** What you are asked to do **
Retyping should cover only the lines from the one containing "As an independent" through the final line of the records, with pictures omitted.
:: The records
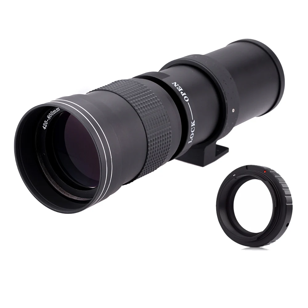 Этот телеобъектив 420 мм-800 мм f/8,3-16 предназначен для съемки на расстоянии от объекта, включая спортивную и дикую природу. Он отличается легким весом (550 г) и компактный (только 29,8 см в длину) и она ближе всего фокусное расстояние составляет 1,6 м. Это объектив ручной фокусировки и имеет корпус из алюминиевого сплава.
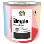 Beckers It's Simple to wodorozcieńczalna farba lateksowa przeznaczona do malowania ścian i sufitów wewnątrz pomieszczeń. Tworzy plamoodporną i hydrofobową powłokę o podwyższonej odporności na szorowanie i zmywanie. Produkt zapewnia dobre krycie oraz trwały efekt plamoodporności w pomieszczeniach narażonych na zabrudzenia.
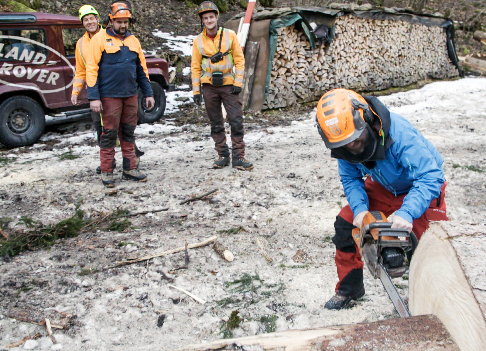 Winter Wunderland (3)Nik Hartmann trifft auf dem Suworow-Weg Glarner Holzer, die ihn sofort einspannenBild: © SRF
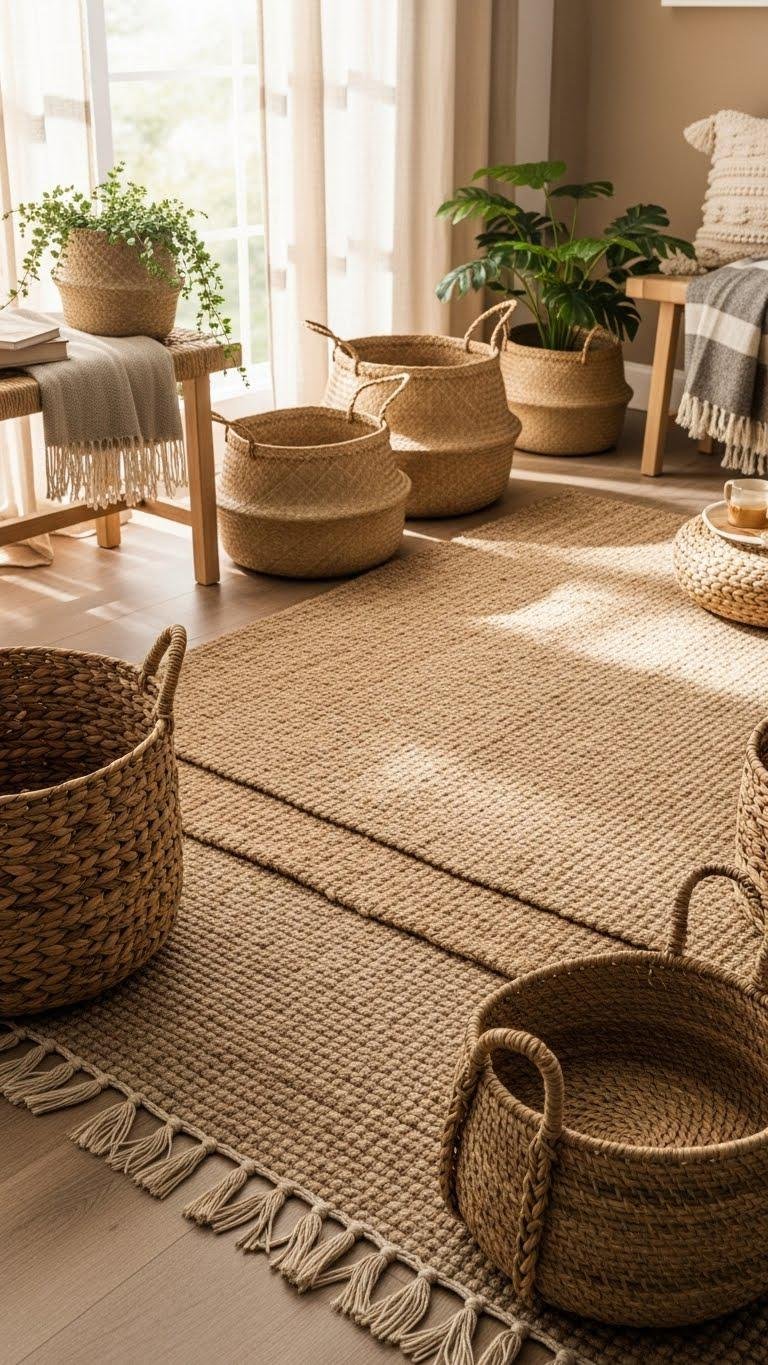 Often you’ll find that a simple jute rug and a few woven baskets are the quickest way to ground a room and add tactile interest; they anchor seating areas, soften hardwood floors, and create practical storage without fuss. Choose handmade jute pieces for authenticity, layer rugs for texture contrast, and tuck baskets near benches or plants so you can move, refresh, and live freely with effortless style.
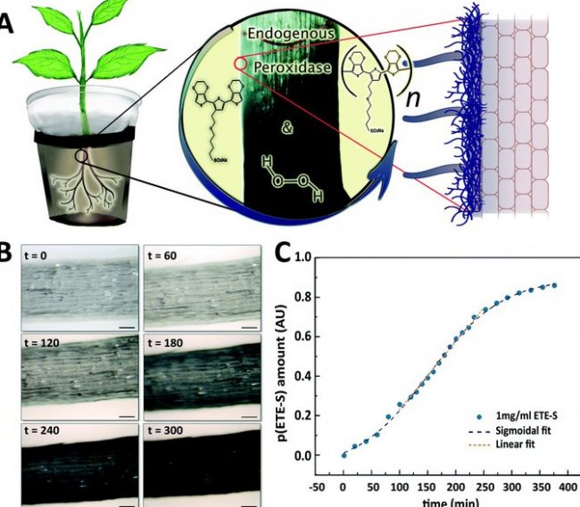 В своей работе ученые использовали тример ETE-S, который полимеризуется естественным путем на растении. На корнях растения образуется проводящая пленка полимера, которая заставляет всю корневую систему функционировать как сеть легкодоступных проводников.
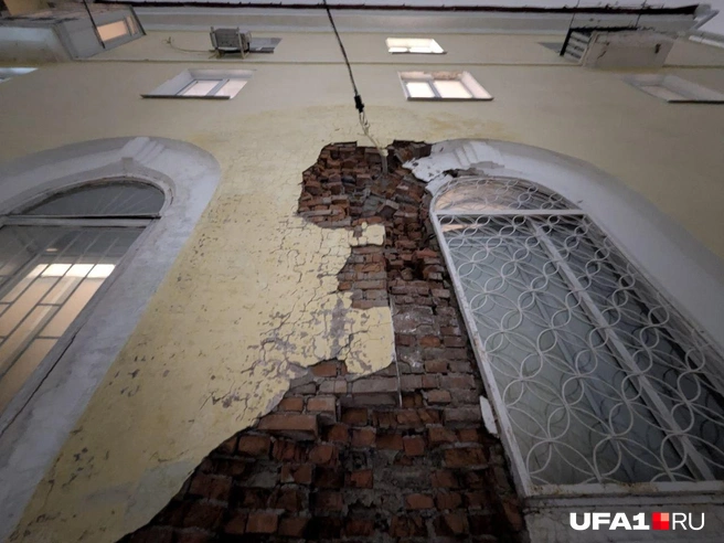 В феврале у него обрушилась облицовка со стороны двора — и на землю упала часть кирпичей. Корреспондент UFA1.RU обращался в ЖЭУ № 73, которое курирует этот дом, но там сказали, что по этому поводу может ответить только директор, а его на месте нет. На последующие звонки в ЖЭУ не отвечали.
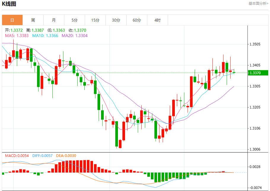 汇价高见1.3387,低见1.3362。上一交易日,汇价收于1.3379。
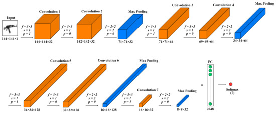 35]. Convolution, pooling, and forgetting processes are repeated with different parameters and different filter channel values in later layers. Then, neurons are formed into an array by flattening and fully connecting layers. As a result of the straightening process, 2048 neurons are obtained by forming a fully connected layer. In the last layer of the model is the classification layer with the softmax activation function. In this layer, the output value is obtained by classifying the number of classes determined in the dataset. As a result of the classification, seven different weapon types take a value in the range of 0–1 and the weapon type with the highest value presents the estimated value.
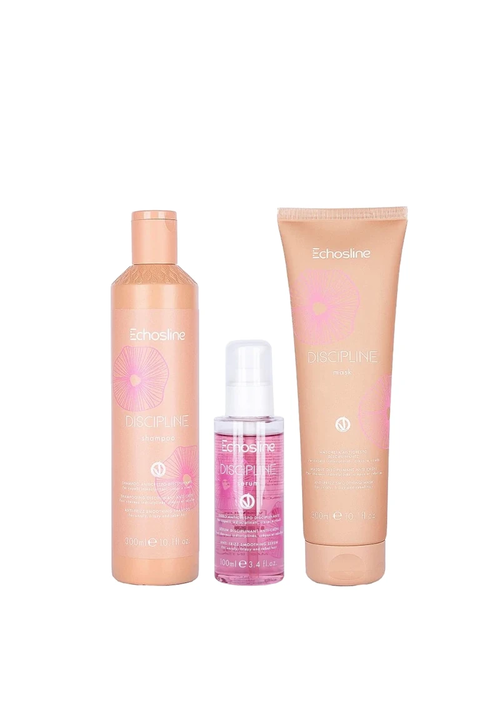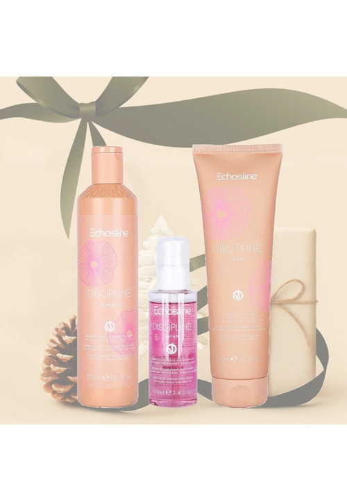 Набір Echosline Discipline поєднує три високоефективні засоби догляду – шампунь (300 мл), маску (300 мл) та флюїд (100 мл) – і пропонує цілеспрямоване рішення для неслухняного, кучерявого та неслухняного волосся. Багаті формули з лляною олією, аргановою олією, маслом какао та маслом ши забезпечують інтенсивне зволоження, приборкують пухнастість та надають волоссю помітної гладкості та шовковистого блиску.
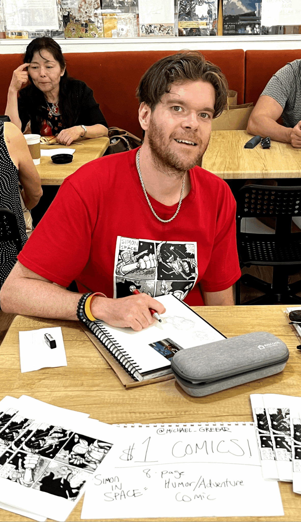 As an independent creator, it falls on me to be both the artist and the business. So, once I’ve created my art, I find places to sell and distribute it online. I also bring it to the public by posting up at cons and shops with copies of my comic, some t-shirts, and various promotional material.
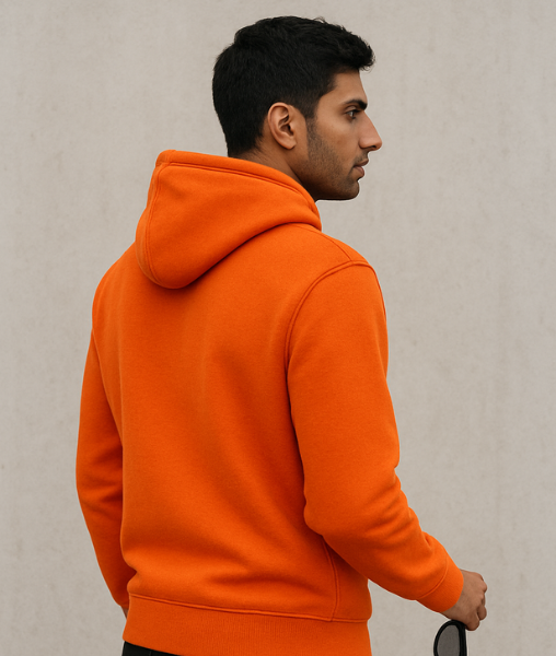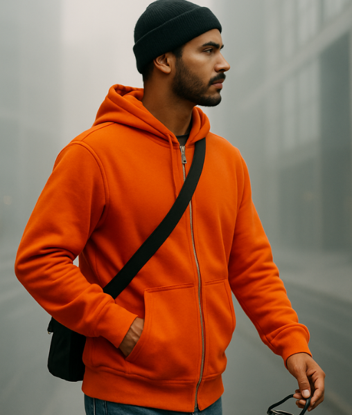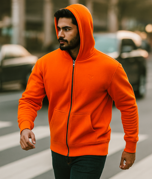Featuring a minimal streetwear aesthetic, full-zip closure, and cozy kangaroo pockets, it’s built for everything — from coffee runs to chill evenings. The vibrant tangy orange hue adds an instant pop to your look, blending warmth with attitude.
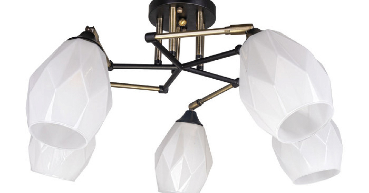 Потолочная люстра декорирована белыми стеклянными плафонами сложной формы.
::::
** Answer box **
 As an independent creator, it falls on me to be both the artist and the business. So, once I’ve created my art, I find places to sell and distribute it online. I also bring it to the public by posting up at cons and shops with copies of my comic, some t-shirts, and various promotional material.
Featuring a minimal streetwear aesthetic, full-zip closure, and cozy kangaroo pockets, it’s built for everything — from coffee runs to chill evenings. The vibrant tangy orange hue adds an instant pop to your look, blending warmth with attitude.
 Потолочная люстра декорирована белыми стеклянными плафонами сложной формы.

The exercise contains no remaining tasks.